Recombinant Mouse Thioredoxin domain-containing protein 12 (Txndc12) is produced using a yeast expression system. The protein represents the full length of the mature form, spanning amino acids 25 to 170. It comes with an N-terminal 6xHis tag, which appears to simplify both purification and detection processes. SDS-PAGE analysis suggests the product achieves greater than 90% purity, making it potentially useful for various experimental approaches.
Thioredoxin domain-containing protein 12 (Txndc12) seems to participate in cellular redox processes. It likely plays an important role in maintaining redox homeostasis within cells. The protein belongs to the thioredoxin family, which appears essential for reducing oxidative stress and may function as a key component in cellular signaling pathways. Understanding this protein could provide insights into redox biology and its role in both normal physiology and disease states.
Potential Applications
Note: The applications listed below are based on what we know about this protein's biological functions, published research, and experience from experts in the field. However, we haven't fully tested all of these applications ourselves yet. We'd recommend running some preliminary tests first to make sure they work for your specific research goals.
The recombinant mouse Txndc12 (25–170aa) expressed in yeast with an N-terminal 6×His tag represents the full-length mature protein, which substantially increases the likelihood of proper folding and native-like bioactivity. Txndc12 is a thioredoxin domain-containing protein localized in the endoplasmic reticulum, and its folding depends on the formation of correct disulfide bonds—a process yeast expression systems can usually support. Therefore, it is highly probable that this recombinant protein is folded correctly and retains partial or full enzymatic and binding activity characteristic of native Txndc12. However, experimental validation is still necessary to confirm functional integrity before using it for mechanistic or structural studies.
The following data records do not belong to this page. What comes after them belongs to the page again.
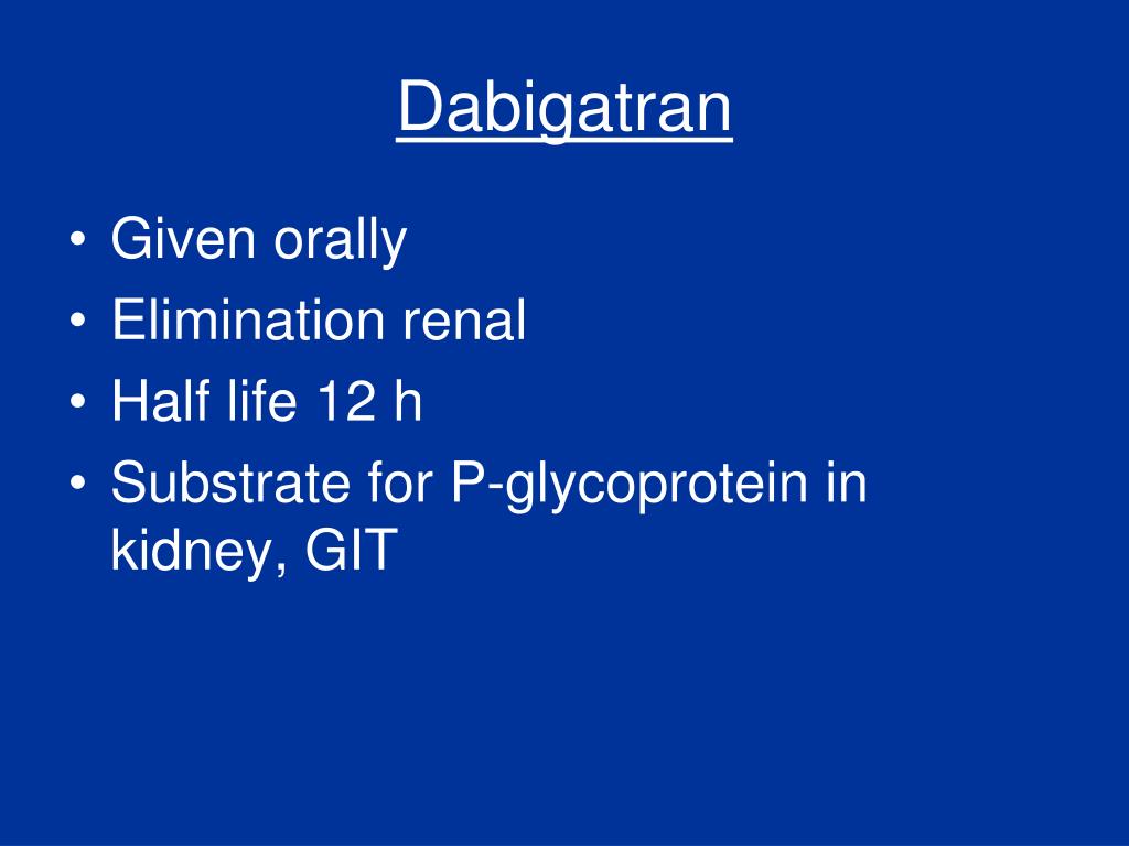 Dabigatran • Given orally • Elimination renal • Half life 12 h • Substrate for P-glycoprotein in kidney, GIT
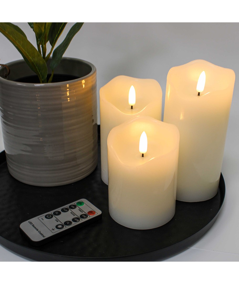 Upplev en magisk atmosfär i ditt hem med vårt LED Blockljus set, som kombinerar skönheten av äkta stearin med modern teknik för att skapa en naturtrogen lågeffekt.
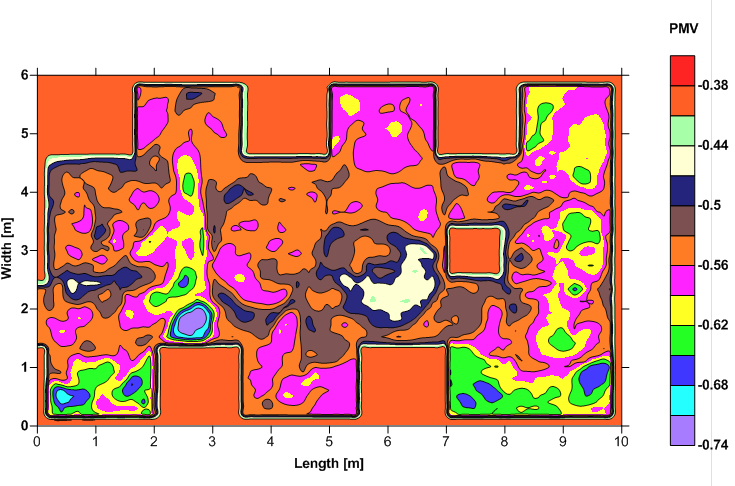 At EASTechnology, we developed a method to predict the PMV and PPD inside a building based on CFD results of velocity and temperature. The PMV and PPD can be predicted in the entire computational domain or at selected zones. Then, a volume integral can be performed to estimate the PMV and PPD for the entire space. Statistical values of PMV and PPD such as minimum, maximum and standard deviation can also be provided.
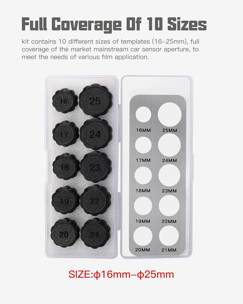 Covers All 10 Sizes:Includes 10 templates ranging from 16mm to 25mm, suitable for nearly all standard parking sensors across different vehicle models
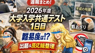 ニュース 【速報まとめ】2026年度(令和8年度)大学入学共通テスト1日目──難易度は?話題になった出題と受験生の反応を総整理 2026年度(令和8年度)大学入学共通テスト1日目が終了。難易度の傾向、話題になった出題テーマ、受験生やSNSの反応を速報ベースで整理する。 2026.01.17 ニュース勉強
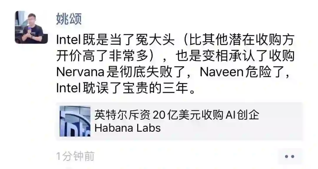 对于这一收购新闻,业内人士纷纷发表了自己的看法。赛灵思 AI 业务高级总监、原深鉴科技联合创始人姚颂评论道:Intel既是当了冤大头,也变相承认了收购Nervana是彻底失败了。
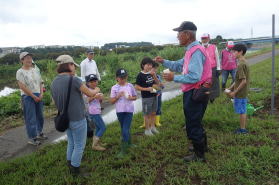 ■菜の花畑を作ることにした目的や意味合いを熱心に聞いてくれているプレーパークの会の皆さん |

1. Protein-Protein Interaction Studies
This N-terminal 6×His-tagged Txndc12 can be used in pull-down or affinity assays to explore potential binding partners involved in endoplasmic reticulum protein folding or redox regulation pathways. The tag facilitates immobilization on nickel matrices, and the >90% purity supports reproducibility in interaction assays. If the protein is correctly folded, it can identify physiological binding partners through its functional thioredoxin domain. If misfolded, it can still serve for preliminary screening but may not reflect authentic interactions, since disulfide-dependent conformations are essential for Txndc12 function. Thus, folding validation should precede high-confidence interaction studies.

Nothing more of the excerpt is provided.